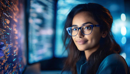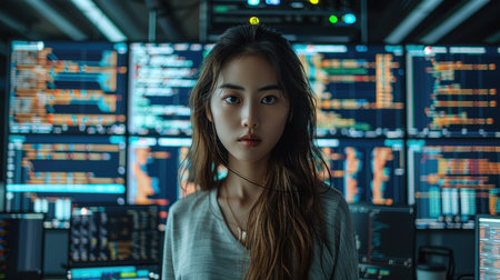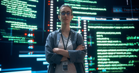 A woman looks directly at the camera while standing in a workspace. Computer screens show lines of code and data. The setting appears tech-oriented and modern.
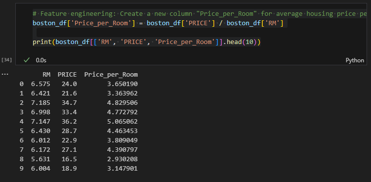 In this example, we calculated the "Price_per_Room" by dividing the "PRICE" column (housing price) by the "RM" column (number of rooms) for each property. This creates a new column that indicates the average housing price per room in the property. This numerical variable can provide valuable insights into how the housing prices are affected by the number of rooms available.
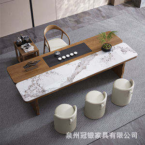 新中式实木大板泡茶桌椅组合现代简约家用岩板茶台办公室接待茶几
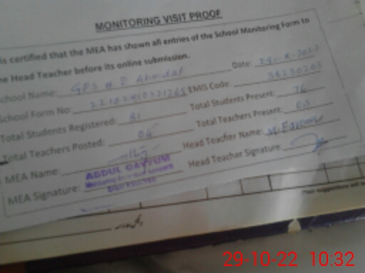 | EMIS Code: 38230203 | Name of School: GPS NO. 2 AHMEDAL | |||
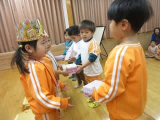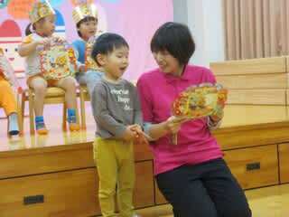 2月の誕生会がありました(^^♪名前を呼ばれると笑顔で前へ。

++++++

• _WHAT IS EXPECTED_
Starting at the line that contains "新中式实木大板泡茶桌椅组合现代简约家用岩板茶台办公室接待茶几", reproduce exactly and only the lines through the end of the entries above, with the pictures excluded.

• _OUTPUT OF THE TASK_
 新中式实木大板泡茶桌椅组合现代简约家用岩板茶台办公室接待茶几
 | EMIS Code: 38230203 | Name of School: GPS NO. 2 AHMEDAL | |||
 2月の誕生会がありました(^^♪名前を呼ばれると笑顔で前へ。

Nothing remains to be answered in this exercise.